Start of THE DATA
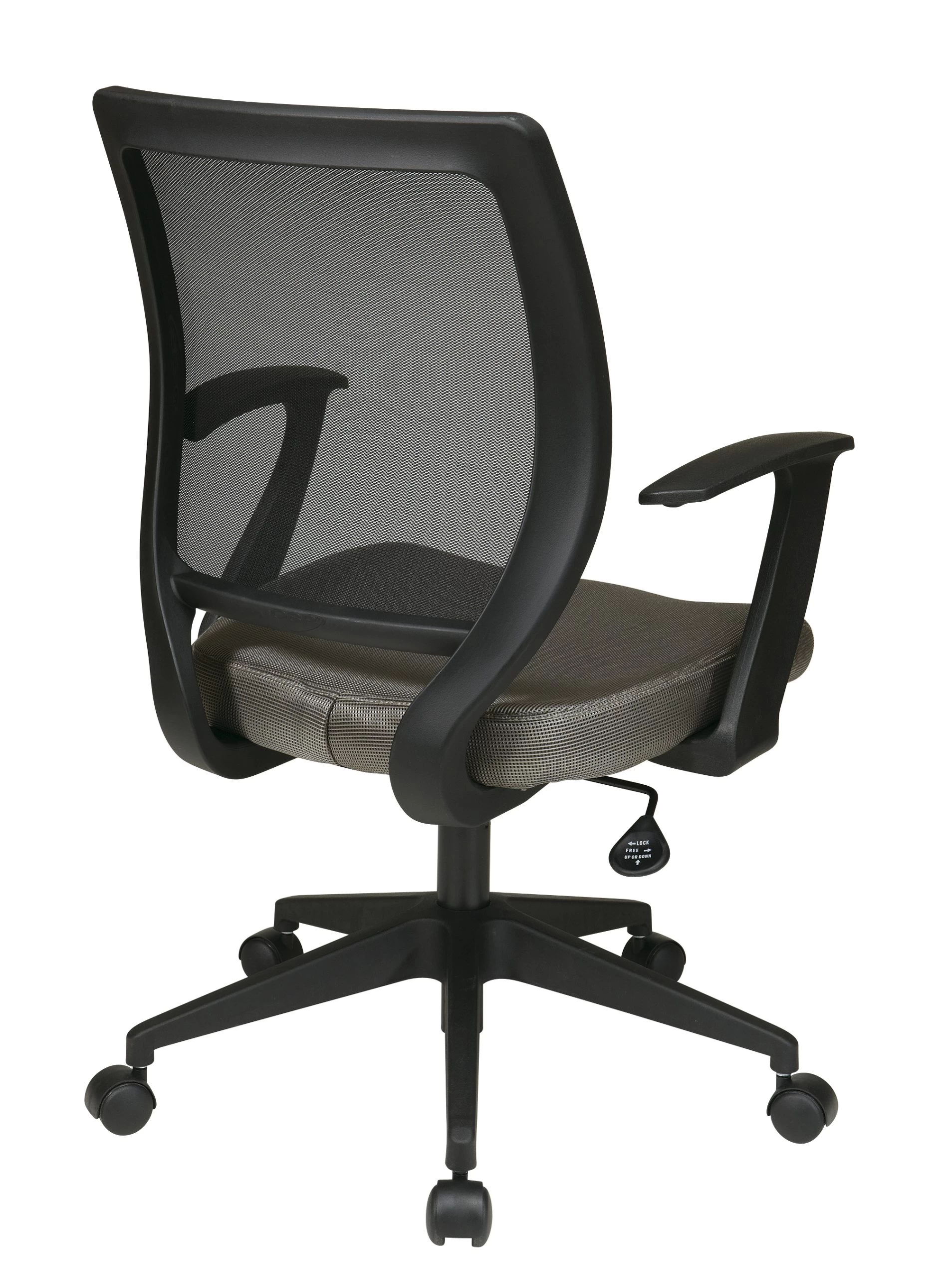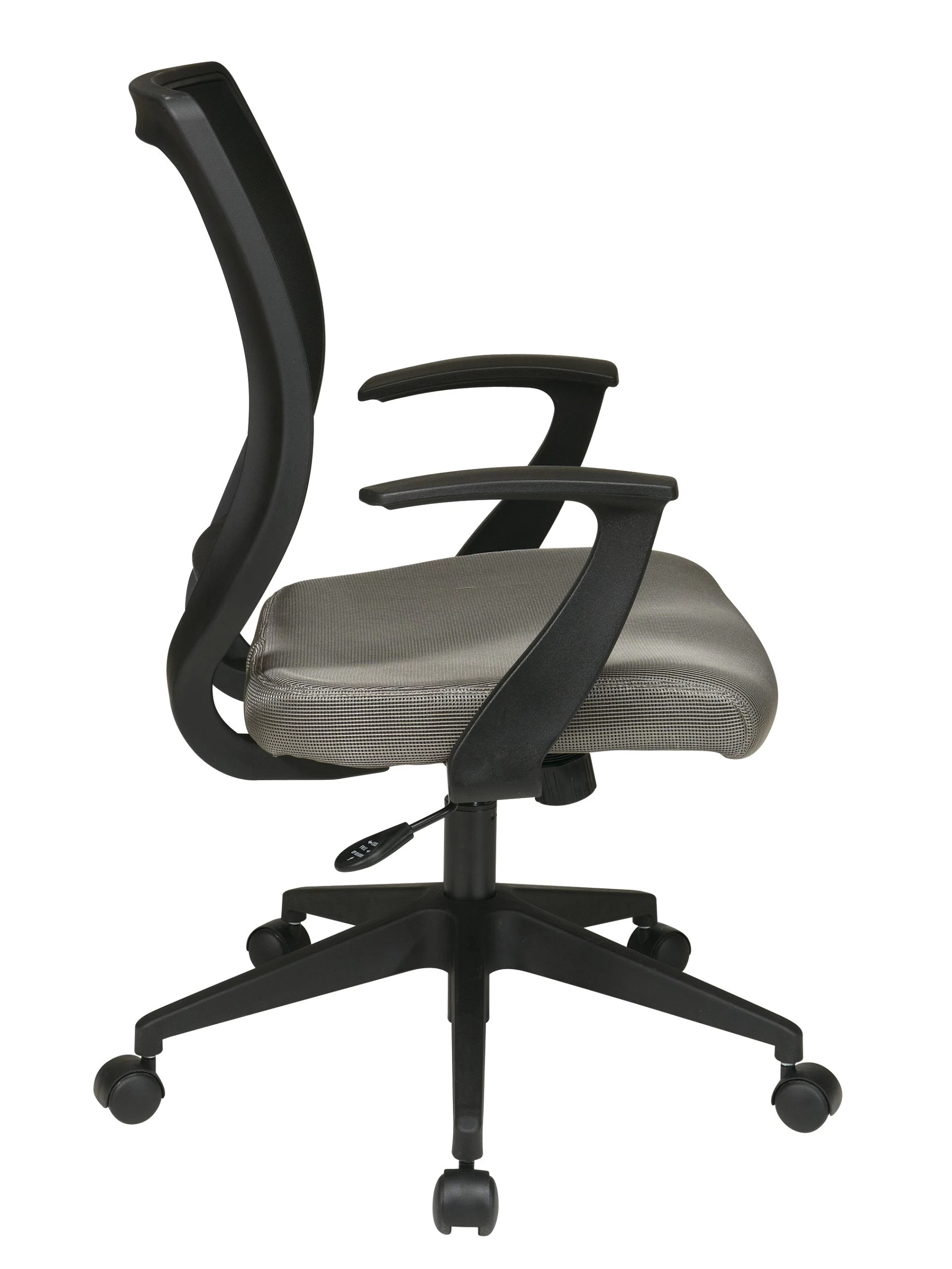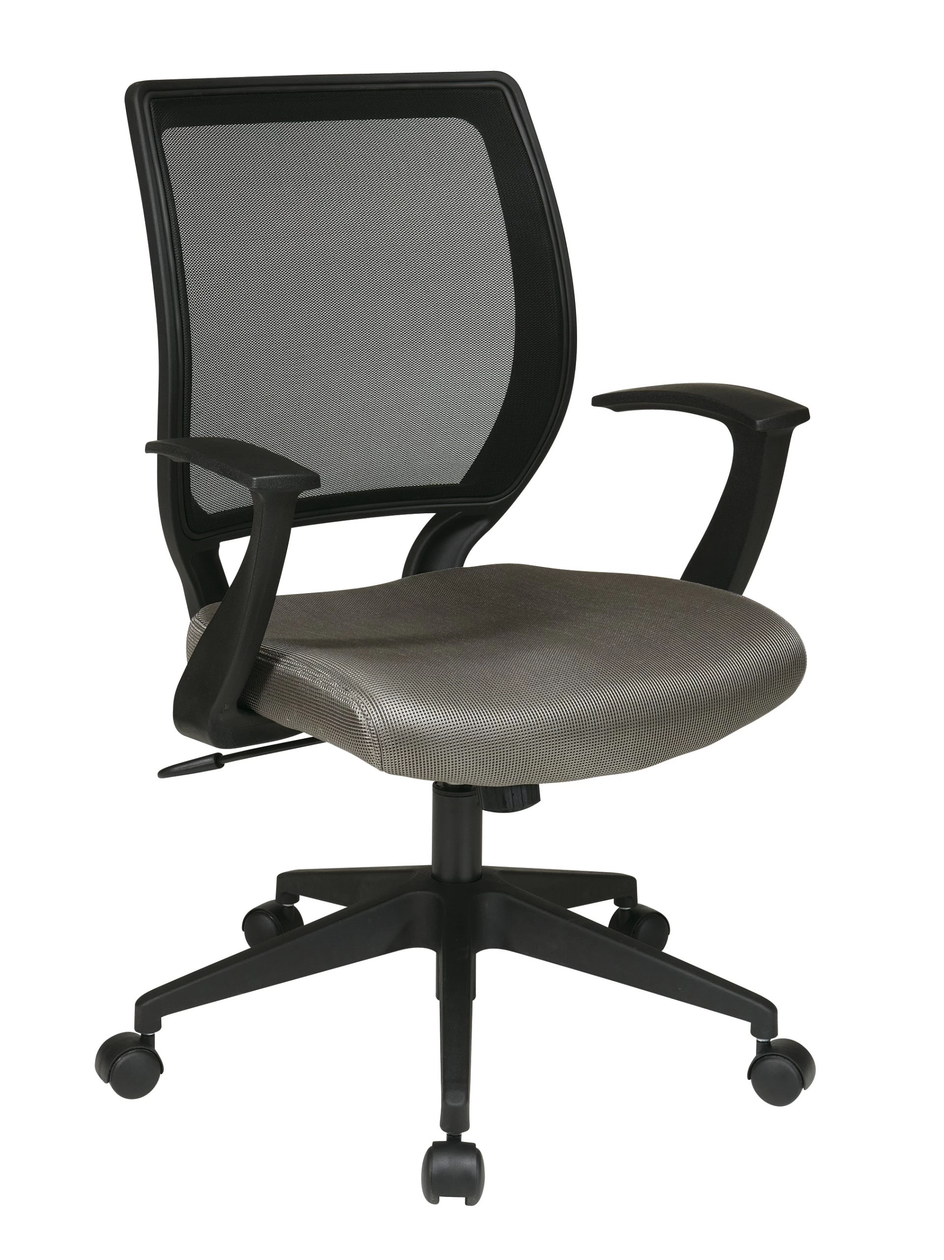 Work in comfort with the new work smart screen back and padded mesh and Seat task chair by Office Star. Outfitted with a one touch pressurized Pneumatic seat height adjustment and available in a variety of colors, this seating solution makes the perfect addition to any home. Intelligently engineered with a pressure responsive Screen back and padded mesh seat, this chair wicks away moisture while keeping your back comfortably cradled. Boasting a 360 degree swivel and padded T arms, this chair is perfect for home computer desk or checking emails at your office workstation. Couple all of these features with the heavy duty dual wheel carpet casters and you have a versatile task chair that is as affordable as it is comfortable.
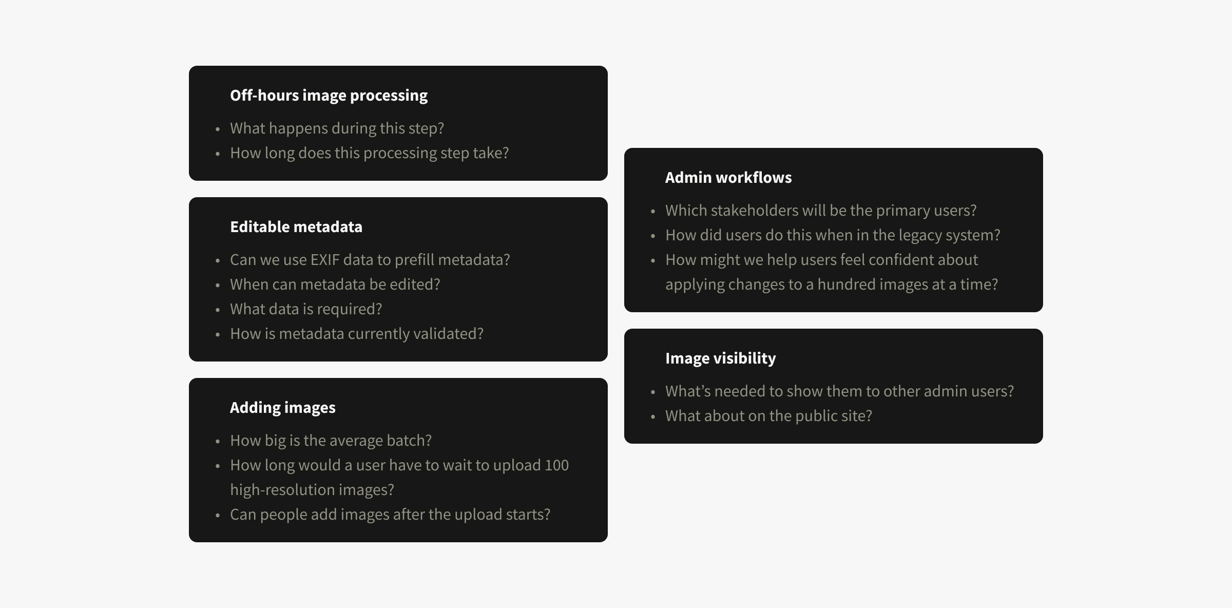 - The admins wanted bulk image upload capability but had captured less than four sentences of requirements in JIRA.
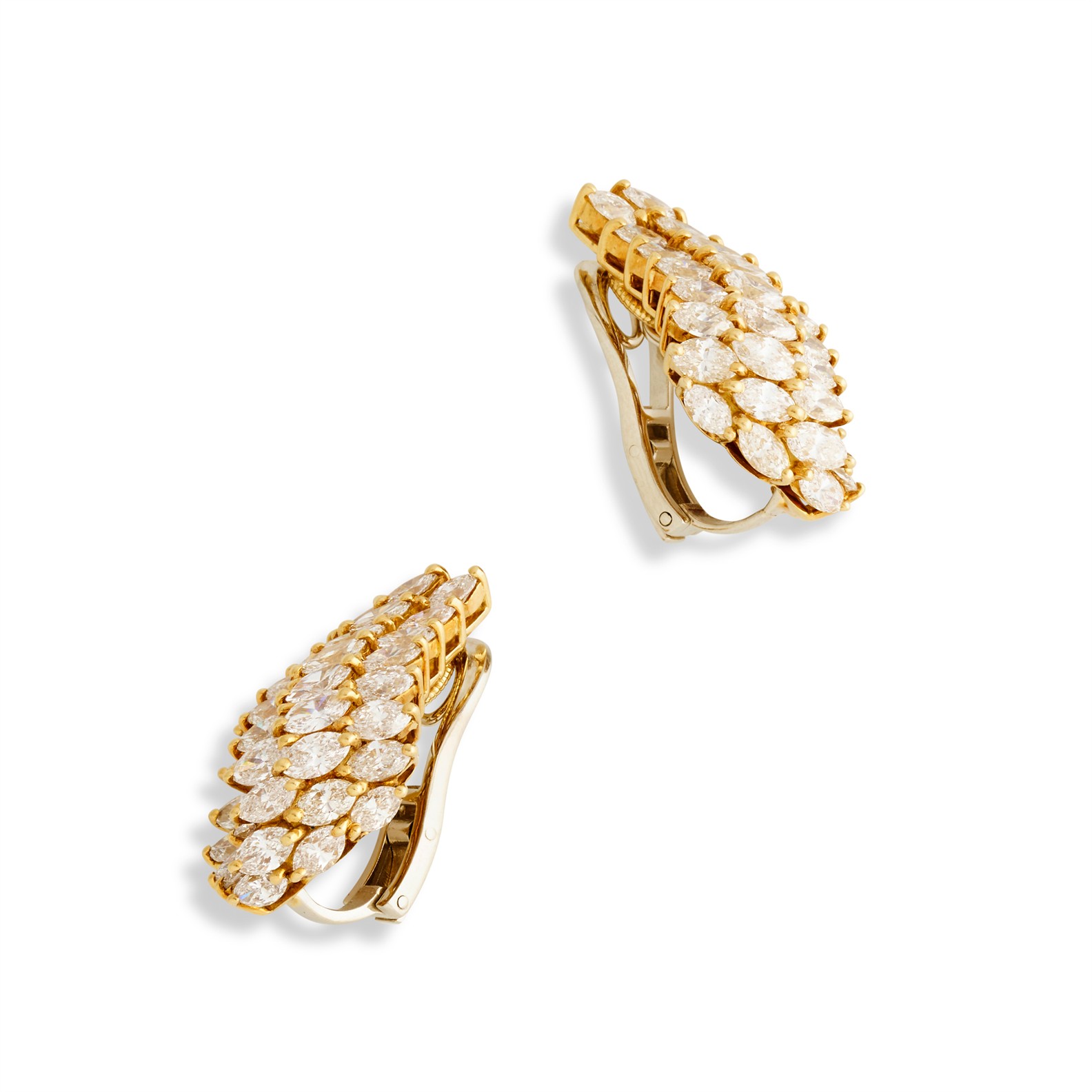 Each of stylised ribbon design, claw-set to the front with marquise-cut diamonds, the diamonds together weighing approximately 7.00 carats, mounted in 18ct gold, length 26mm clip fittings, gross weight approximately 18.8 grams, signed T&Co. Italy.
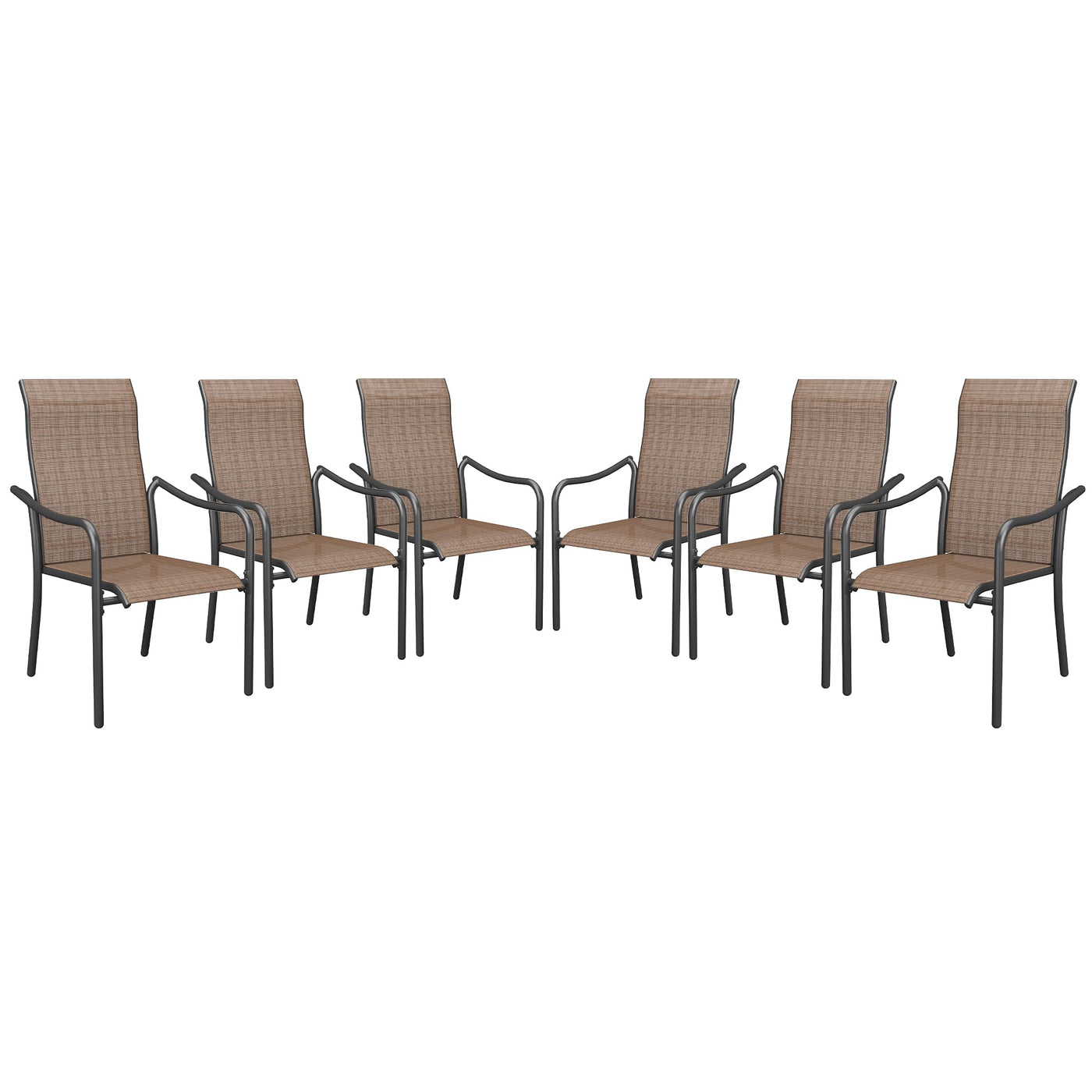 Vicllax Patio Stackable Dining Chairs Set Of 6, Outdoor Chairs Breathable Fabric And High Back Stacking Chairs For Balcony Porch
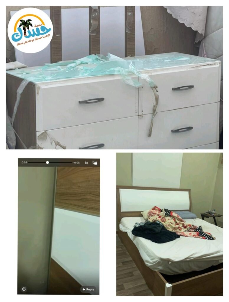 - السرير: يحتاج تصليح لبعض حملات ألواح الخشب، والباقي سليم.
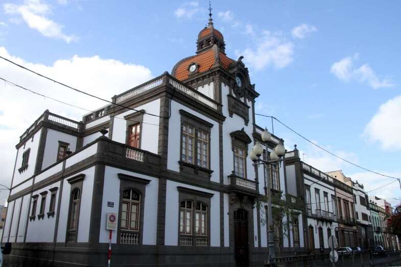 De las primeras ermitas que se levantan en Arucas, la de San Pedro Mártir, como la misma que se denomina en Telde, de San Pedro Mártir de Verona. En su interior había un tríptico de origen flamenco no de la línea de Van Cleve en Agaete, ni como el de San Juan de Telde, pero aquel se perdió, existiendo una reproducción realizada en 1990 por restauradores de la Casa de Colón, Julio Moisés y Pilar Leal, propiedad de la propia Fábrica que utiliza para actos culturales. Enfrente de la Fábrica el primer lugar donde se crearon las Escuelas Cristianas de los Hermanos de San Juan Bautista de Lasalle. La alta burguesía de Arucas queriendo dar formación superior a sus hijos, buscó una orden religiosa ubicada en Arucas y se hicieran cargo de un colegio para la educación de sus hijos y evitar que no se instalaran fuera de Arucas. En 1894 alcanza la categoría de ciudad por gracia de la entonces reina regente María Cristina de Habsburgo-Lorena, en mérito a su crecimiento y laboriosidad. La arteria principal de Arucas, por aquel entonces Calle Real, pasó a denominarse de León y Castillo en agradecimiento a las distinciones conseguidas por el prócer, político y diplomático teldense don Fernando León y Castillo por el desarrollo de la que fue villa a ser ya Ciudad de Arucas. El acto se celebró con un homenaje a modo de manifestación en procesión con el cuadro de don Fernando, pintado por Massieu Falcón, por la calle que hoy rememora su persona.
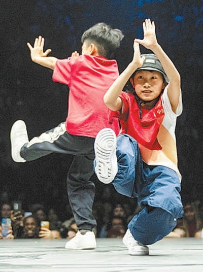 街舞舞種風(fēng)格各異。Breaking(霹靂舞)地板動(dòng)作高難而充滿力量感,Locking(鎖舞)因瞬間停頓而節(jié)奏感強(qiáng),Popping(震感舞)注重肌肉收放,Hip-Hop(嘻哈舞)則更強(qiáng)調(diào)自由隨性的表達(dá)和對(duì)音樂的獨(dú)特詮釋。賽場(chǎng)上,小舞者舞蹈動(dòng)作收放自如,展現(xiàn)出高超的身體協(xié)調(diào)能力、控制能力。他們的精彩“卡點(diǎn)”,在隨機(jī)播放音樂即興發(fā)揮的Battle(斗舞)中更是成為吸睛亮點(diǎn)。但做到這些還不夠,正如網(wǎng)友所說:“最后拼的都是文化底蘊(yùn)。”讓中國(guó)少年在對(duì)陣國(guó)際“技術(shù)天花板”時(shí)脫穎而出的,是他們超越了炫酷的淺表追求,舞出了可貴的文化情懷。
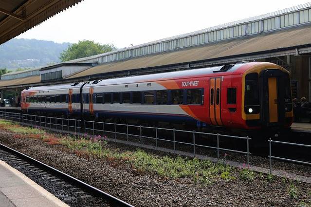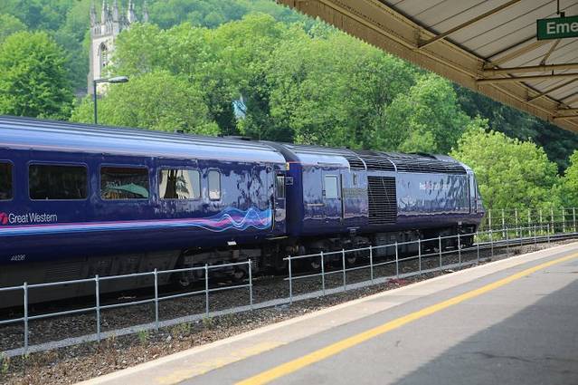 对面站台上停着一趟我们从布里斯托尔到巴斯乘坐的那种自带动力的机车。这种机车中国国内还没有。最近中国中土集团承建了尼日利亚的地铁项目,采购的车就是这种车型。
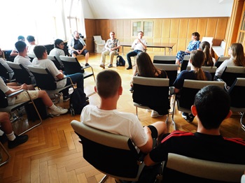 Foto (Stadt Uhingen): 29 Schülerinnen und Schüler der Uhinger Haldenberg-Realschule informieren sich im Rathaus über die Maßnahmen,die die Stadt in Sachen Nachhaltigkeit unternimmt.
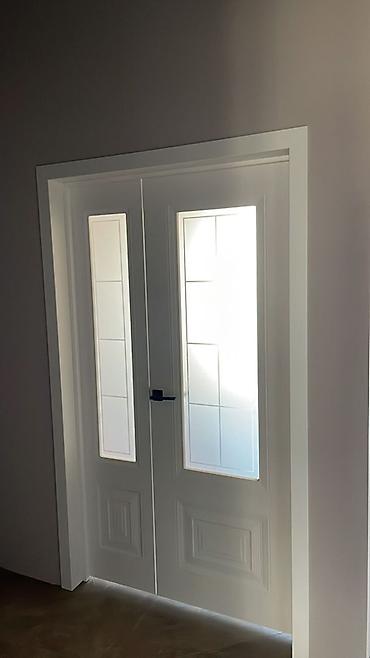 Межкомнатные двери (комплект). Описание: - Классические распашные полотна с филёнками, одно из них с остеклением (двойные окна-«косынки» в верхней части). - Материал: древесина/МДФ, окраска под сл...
End of THE DATA
» TASK BRIEF: Of the records above, print only the lines from the one containing "Vicllax Patio Stackable" through the one containing "- السرير: يحتاج", inclusive and unaltered, leaving out pictures.

» OUTPUT OF THE EXERCISE:
 Vicllax Patio Stackable Dining Chairs Set Of 6, Outdoor Chairs Breathable Fabric And High Back Stacking Chairs For Balcony Porch
 - السرير: يحتاج تصليح لبعض حملات ألواح الخشب، والباقي سليم.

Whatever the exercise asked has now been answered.